Signal transduction is a process in which a peptide hormone transfers specific information from the outside of the target cell to exert a cellular response. For this to occur, the hormone (eg, gastrin) exerts a signal through a specific receptor that transmits information from the extracellular compartment (blood) into the cell (acid-secreting cells of the stomach). This message is tightly controlled, especially in settings that are vital for cellular homeostasis.

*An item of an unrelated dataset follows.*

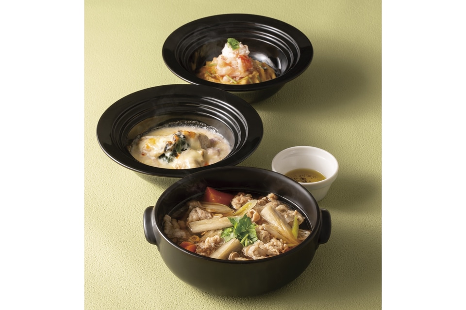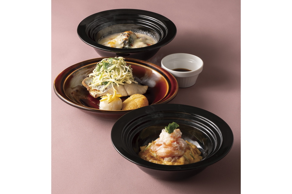 新春を告げる鰆を柚子の香りで仕上げた「鰆の初春焼き」をはじめ、豚肉と野菜の旨みがじんわりと広がる「山形豚とごぼうの旨出汁鍋」、ふわとろのたまごと大根に蟹の旨みを重ねた「蟹とふわとろたまご、大根のあんかけ」など4品をラインアップした。単品で楽しめるほか、おすすめ3品セット、2品セットも用意している。
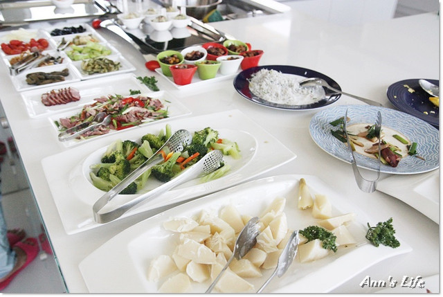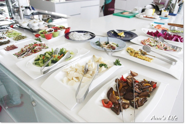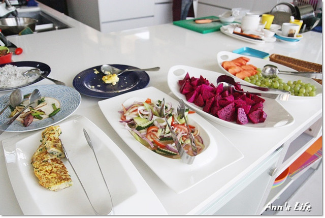 平日人少的時候應該是個人套餐的方式出餐,但假日人多供應的則是buffet,原來前一天教我們作檸檬巧克力蛋糕的曉萍姐姐也是早餐的大廚之一咧。

The normal function of a cell depends upon an intact signal regulation/termination system. If this system malfunctions, the host may experience pathophysiological consequences such as abnormal secretion, motility, growth, or even the development of cancer [1,2].
The major physiological principles of cell signaling systems will be reviewed here. Discussions of individual peptide hormones are presented separately. (See appropriate topic reviews.)
RECEPTOR STIMULATION — Despite the vast array of information communicated to a cell, the basic components of the signaling system are relatively simple (show figure 1). A peptide hormone binds to a cell surface receptor and stimulates activation of an effector system. Cell surface receptors are capable of interacting with only certain chemical messages. The specificity of the hormone-receptor interaction is responsible for the unique cellular response.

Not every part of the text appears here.